Ya they do. So as an example, a few months back I had not taken my medication for a week or two before I went in for an appointment and the nurse insisted she take my blood anyway and forgot to inform my doc.  Because of this, they increased my dosage for the first time but immediately after taking it I felt like I was getting a racing heart in the mornings.  When I went back in to retest my doc told me that my TSH was low with the new test which was an indication of what I was feeling. They dropped my dose back down to normal and its been fine ever since. 

 It has been a while since I read anything on the different mechanisms so I am not even sure what the exact cause is for mine. I think when they first tested me years ago they had assumed after the first test that it could be Hashimotos but needed to do more tests. I know for sure it isn't a tumor or anything like that  What do you guys think? I could just message my doc on my web portal we have, takes a day or two for him to respond.


----------



## benroliver (Sep 28, 2016)

According to the lab results following the increased dosage my TSH was .080 . Its back to normal now though


----------



## Red Flag 1 (Sep 28, 2016)

[Q


----------



## benroliver (Dec 14, 2016)

Just wanted to update this for anyone seeking information on the topic.  

     So after going through several recruiters I was finally able to get a recruiter to start my enlistment process.  I was told that my Hypothyroid issue would need a waiver and for months I waited so that I could get waivers for both post surgical hardware and Hypothyroidism.  Eventually I was told that I needed to stop taking my thyroid medication for 6 months to prove that I was stable per MEPS.  This had gone against everything I had researched myself but I felt like I wasn't in a position to tell the recruiter what she did or did not know.  I was told that I needed to get a written letter from my physician stating when I was officially starting the 6 month process without it.  My doctor refused to recommend a 6 month discontinuance on the basis that it was dangerous for my health.
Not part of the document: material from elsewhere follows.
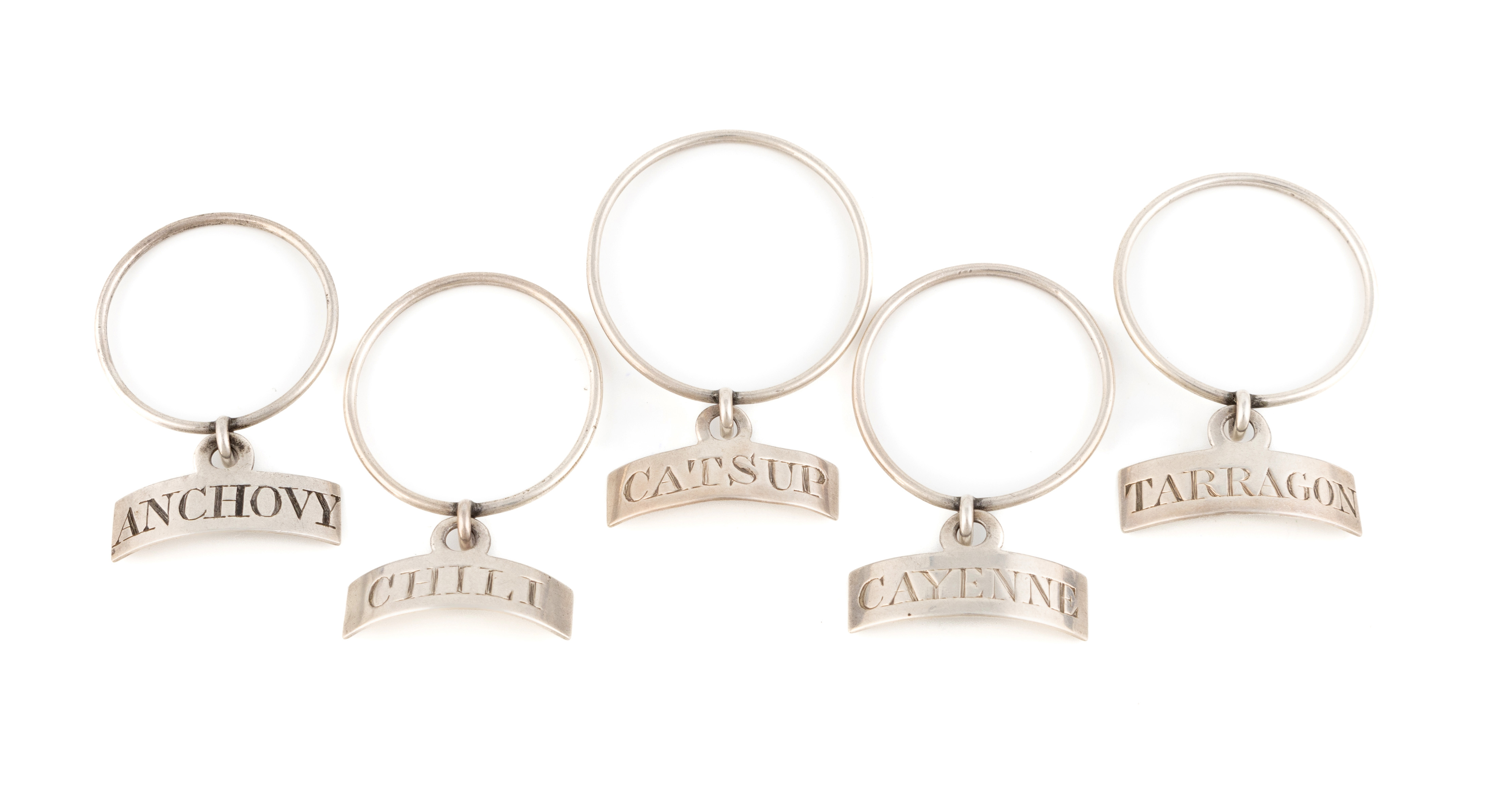 rectangular forms, incised 'Catsup', 'Cayenne', 'Chili', 'Anchovy' and 'Tarragon', length 3.1cm, approx. weight 0.9oz. (5)
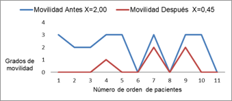 Al analizar la movilidad dentaria, se observó que de los 8 adultos que la padecían antes de aplicar el PRP, solo 3 la mantenían luego de ser tratados, aunque en grado menor, pero en 5 desapareció, pues la media de movilidad disminuyó de 2,0 a 0,45 (fig. 1).

I was told that I could go a few weeks or even a month before problems would start to arise, but 6 months was simply too long.

    After meeting my physician I went back and spoke to the recruiter and was told there was nothing more she could do for me.  As frustrated as I was I refused to give up and created an account on the  GoArmy website to detail my issues.  I was advised there to seek another recruiter and that the 6 month wait did not seem  appropriate.  We both agreed that Hypothyroidism CONTROLLED by medication is not disqualifying or needing of a waiver per the regs.  It was also made clear that what MEPS would need is documentation showing that the condition was indeed controlled.

   At that point, I called yet another recruiting center and explained my situation.  The Sgt. I spoke to offered to look into it for me and push it up the chain to get some clarity.  Two days later I called him back to see if he had made any progress and we agreed to meet and start my enlistment process all over.  I had not been allowed to take the ASVAB before because they told me I had to wait for the waivers but the new recruiter made me pretest and then scheduled me to take the test. A week later  I scored a 93 AFQT and my GT was 126 which seemed to help my case a bit. I found out that none of my paperwork from before had even been submitted and it seemed like a case where I was pushed aside.  This time my records were sent up for a med review and I will be going to MEPS soon.  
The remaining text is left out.